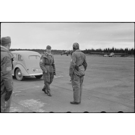 Manoeuvres du 8./LLG 1 (Lulftlandegeschwader 1) sur l'aérodrome de Banak (secteur de Trondheim), en présence de l'amiral Otto Ciliax.
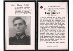 Gefallener 2. Weltkrieg; Eltern: Heinrich Schiffer u. Elisabeth geb. Lorchheim (Geyen?); nach Reifeprüfung im elterlichen Unternehmen; bei Kriegsausbruch zur Wehrmacht |
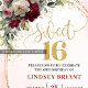 Trendy Boho Burgundy Gold Floral Sweet Sixteen Inbjudningar
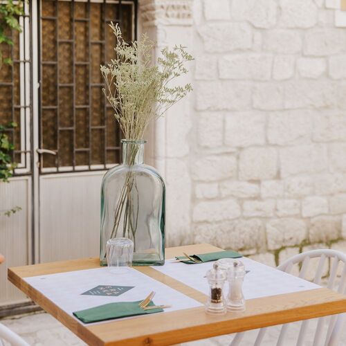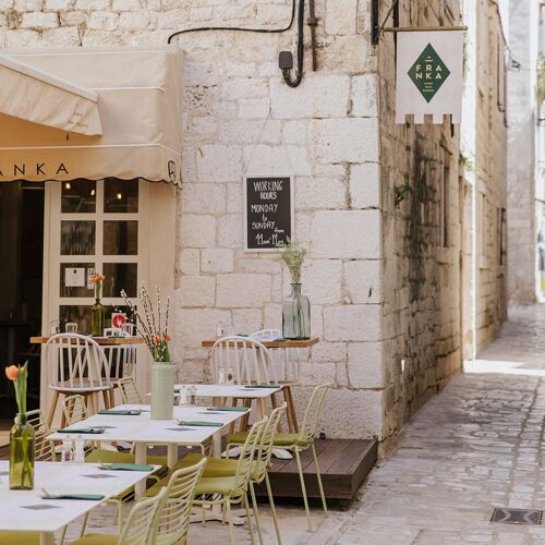 Tra i vicoli del piccolo centro dalmata di Trogir, nascosta nelle immediate vicinanze del ponte che collega l’isola alla terraferma, questa piacevole risorsa propone una cucina dichiaratamente mediterranea in un ambiente autentico, caratterizzato dalla tipica pietra dalmata. La cucina è gustosa e si basa sul pescato locale, con qualche incursione nei sapori italiani, come la pasta al tartufo o il fresco antipasto a base di burrata. A pranzo sono disponibili tre formule economiche, affiancate da alcune entrée alla carta. La sera, l’atmosfera è particolarmente piacevole, soprattutto nella piccola corte affacciata sul passaggio. Per iniziare al meglio il pasto, vi consigliamo un calice di Extra Brut Tomac. Ai piani superiori sono disponibili anche alcune camere.
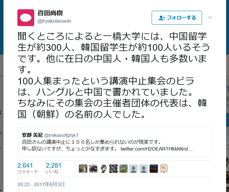 듣자하자 히토츠바시대학에는 중국유학생이 약 300명, 한국유학생이 약 100명 있다고 합니다. 그밖에 재일(비하적 의미)인 중국인, 한국인도 다수 있습니다. 100명 모였다고 하는 강연중지집회의 팸플릿은, 한글과 중국(어)로 쓰여져 있습니다. 주최자 단체의 대표는 한국(조선) 이름인 사람이었습니다
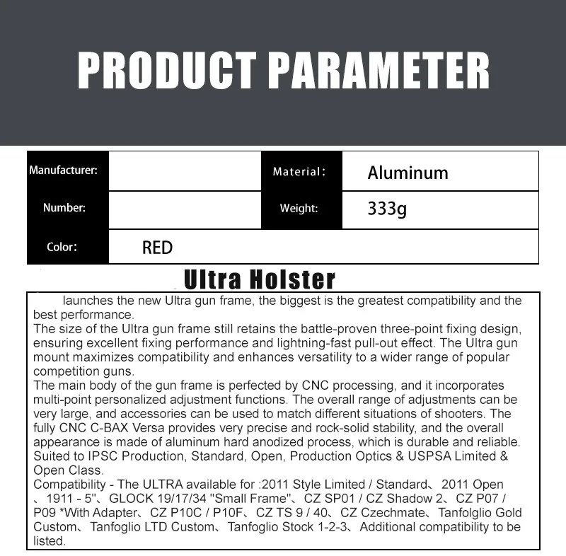 Pistolera de aluminio C-BAX IPSC USPSA CNC, Ultra pistolera para tiro profesional, competición, tirador rápido, novedad de 2023
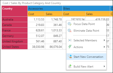 To comment on a data point, start a cell level conversation. This allows you comment on a specific data point in the query, such as Australia & Bikes & Cost. To do this, right click on the required cell in the query, and select Start New Conversation from the context menu.
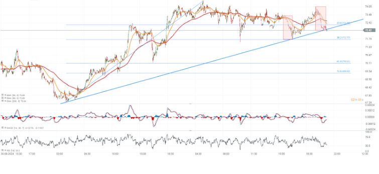 Si nos fijamos en la cotización algodón, podemos ver que el precio está poniendo a prueba la línea de tendencia contractual, y si hay un rebote desde este nivel, apoyado al mismo tiempo por una posible corrección (rectángulos rojos), podemos esperar un rebote hasta la zona de los 74 dólares. Otro impulso a la baja, por otro lado, podría llevar los precios a los 71,8 dólares, donde vemos el Fibonacci 38,2, y este escenario ahora parece igualmente probable. Los futuros de algodón están bajando hoy más del 1,5% hoy, lo que podemos justificar con un dólar todavía muy fuerte y un gran retroceso en los índices del petróleo y de China.
......
* **Exercise objective**:
Each line from the first line of the material above through the line containing "To comment on" is to be reproduced exactly, with both ends kept and pictures left out.

* **Solution to this task**:
 Manoeuvres du 8./LLG 1 (Lulftlandegeschwader 1) sur l'aérodrome de Banak (secteur de Trondheim), en présence de l'amiral Otto Ciliax.
 Gefallener 2. Weltkrieg; Eltern: Heinrich Schiffer u. Elisabeth geb. Lorchheim (Geyen?); nach Reifeprüfung im elterlichen Unternehmen; bei Kriegsausbruch zur Wehrmacht |
 Trendy Boho Burgundy Gold Floral Sweet Sixteen Inbjudningar
 Tra i vicoli del piccolo centro dalmata di Trogir, nascosta nelle immediate vicinanze del ponte che collega l’isola alla terraferma, questa piacevole risorsa propone una cucina dichiaratamente mediterranea in un ambiente autentico, caratterizzato dalla tipica pietra dalmata. La cucina è gustosa e si basa sul pescato locale, con qualche incursione nei sapori italiani, come la pasta al tartufo o il fresco antipasto a base di burrata. A pranzo sono disponibili tre formule economiche, affiancate da alcune entrée alla carta. La sera, l’atmosfera è particolarmente piacevole, soprattutto nella piccola corte affacciata sul passaggio. Per iniziare al meglio il pasto, vi consigliamo un calice di Extra Brut Tomac. Ai piani superiori sono disponibili anche alcune camere.
 듣자하자 히토츠바시대학에는 중국유학생이 약 300명, 한국유학생이 약 100명 있다고 합니다. 그밖에 재일(비하적 의미)인 중국인, 한국인도 다수 있습니다. 100명 모였다고 하는 강연중지집회의 팸플릿은, 한글과 중국(어)로 쓰여져 있습니다. 주최자 단체의 대표는 한국(조선) 이름인 사람이었습니다
 Pistolera de aluminio C-BAX IPSC USPSA CNC, Ultra pistolera para tiro profesional, competición, tirador rápido, novedad de 2023
 To comment on a data point, start a cell level conversation. This allows you comment on a specific data point in the query, such as Australia & Bikes & Cost. To do this, right click on the required cell in the query, and select Start New Conversation from the context menu.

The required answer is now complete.